Rabadan et al.         Expires December 27, 2019                [Page 8]


Internet-Draft     Preference-based EVPN DF Election       June 25, 2019


      in case the bandwidth on the ENNI port is decreased a 50% (that
      could happen if e.g. the 2-port LAG between PE1 and the
      Aggregation Network loses one port). Policies MAY also trigger
      dynamic Preference changes based on the PE's bandwidth
      availability in the core, of specific ports going operationally
      down, etc. The definition of the actual local policies is out of
      scope of this document.

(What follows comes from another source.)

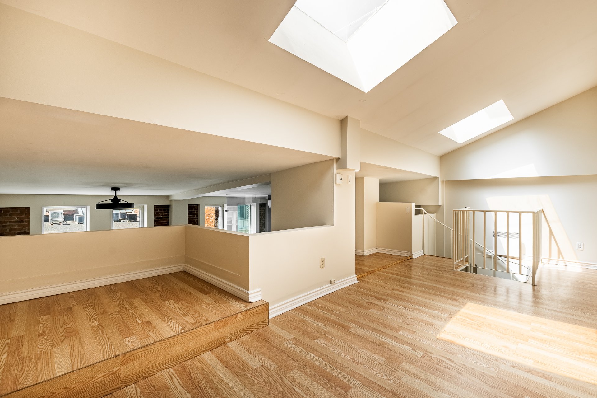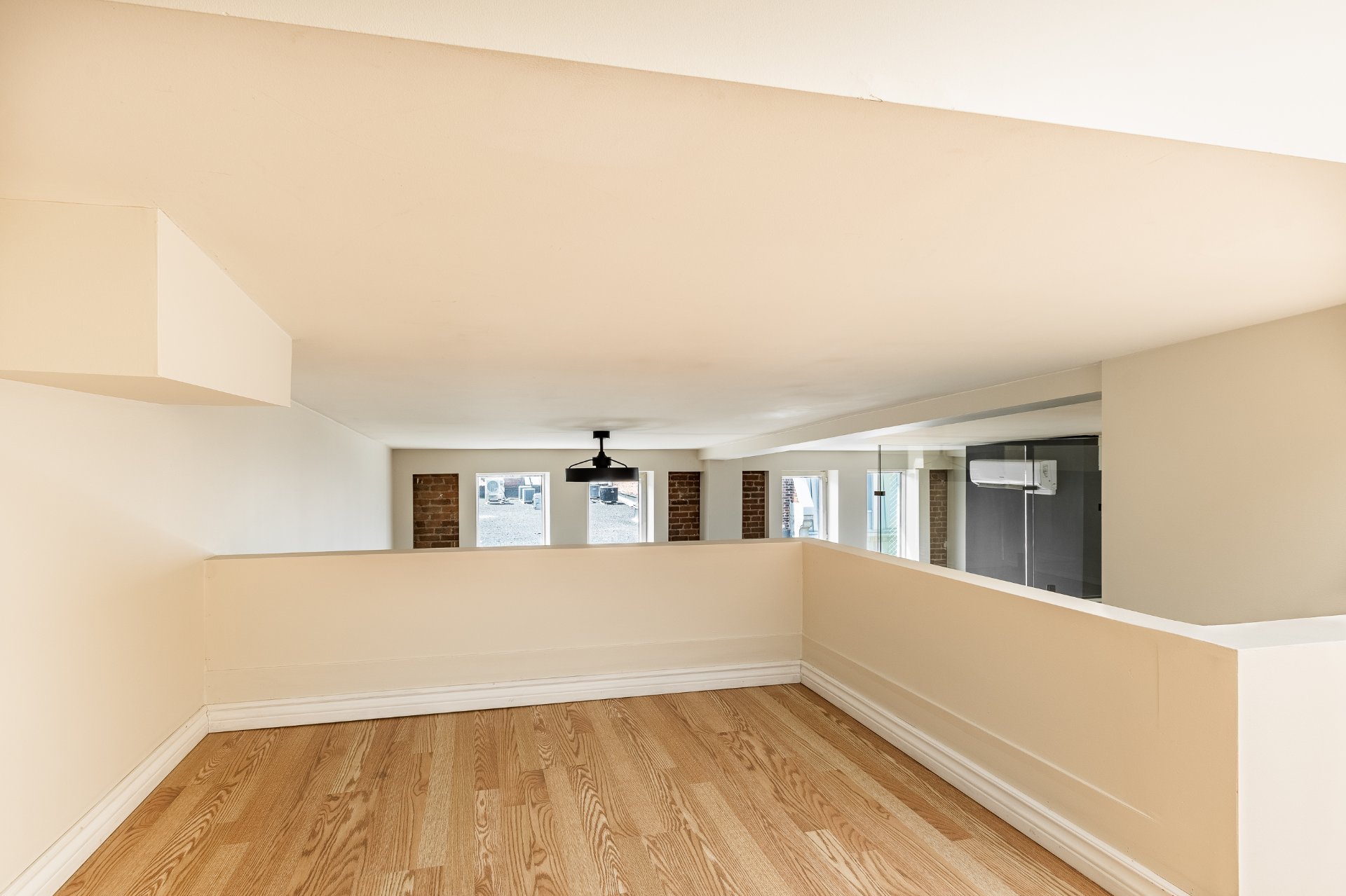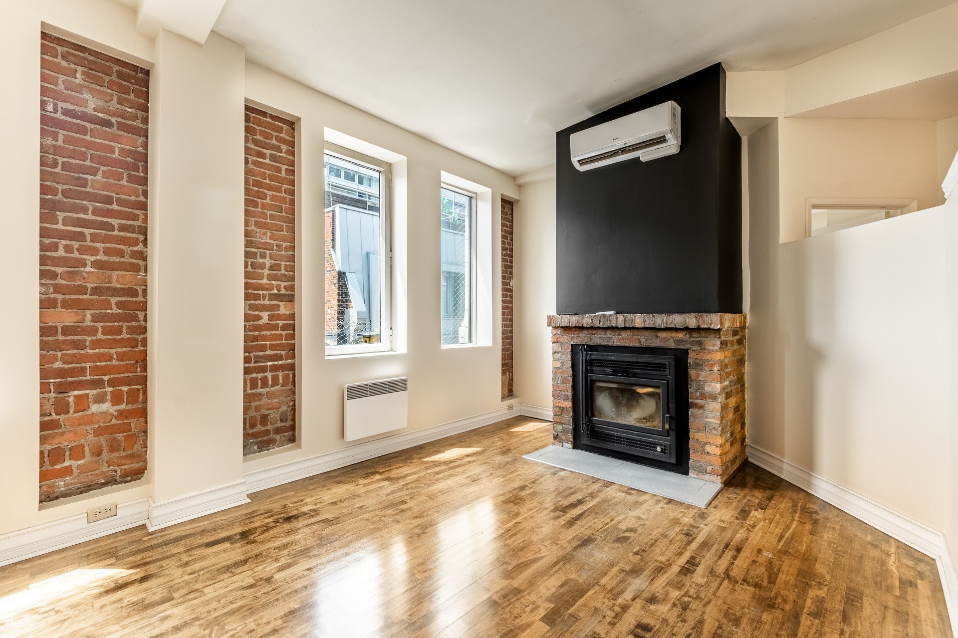 CORN EXCHANGE PROJECT | Charming condo on two levels located in the heart of Old Montreal nestled in a historic building. Beautiful open living space with high ceilings and very large windows allowing for natural light, thanks to the unique location of this unit, nestled between two buildings!. Exposed brick walls and wood fireplace in the living room, spiral staircase leading to second levels. One bedroom and one large mezzanine, one with a view of the city and a full bathroom.

The default Preference value is 32767.

   The Preference Alg MAY be used along with the AC-DF capability.
   Assuming all the PEs in the ES are configured consistently with
   Preference Alg and AC-DF capability, a given PE in the ES is not
   considered as candidate for DF Election until its corresponding
   Ethernet A-D per ES and Ethernet A-D per EVI routes are not received,
   as described in [DF].

   The procedures in this document can be used in [RFC7432] based ES or
   vES as in [vES], and including EVPN networks as in [RFC8214],
   [RFC7623] or [RFC8365].


4.2 Use of the Preference algorithm in [RFC7432] Ethernet Segments

   While the Preference-based DF Alg described in section 4.1 is
   typically used in virtual ES scenarios where there is normally an
   individual Ethernet Tag per vES, the existing [RFC7432] definition of
   ES allows potentially up to thousands of Ethernet Tags on the same
   ES. If this is the case, and the operator still wants to control who
   the DF is for a given Ethernet Tag, the use of the Preference-based
   DF Alg can also provide some level of load balancing.

   In this type of scenarios, the ES is configured with an
   administrative Preference value, but then a range of Ethernet Tags
   can be defined to use the Highest-Preference or the Lowest-Preference
   depending on the desired behavior. With this option, the PE will
   build a list of candidate PEs ordered by Preference, however the DF
   for a given Ethernet Tag will be determined by the local
   configuration.

   For instance:

   o Assuming ES3 is defined in PE1 and PE2, PE1 may be configured as
     [500,0,Preference] for ES3 and PE2 as [100,0,Preference].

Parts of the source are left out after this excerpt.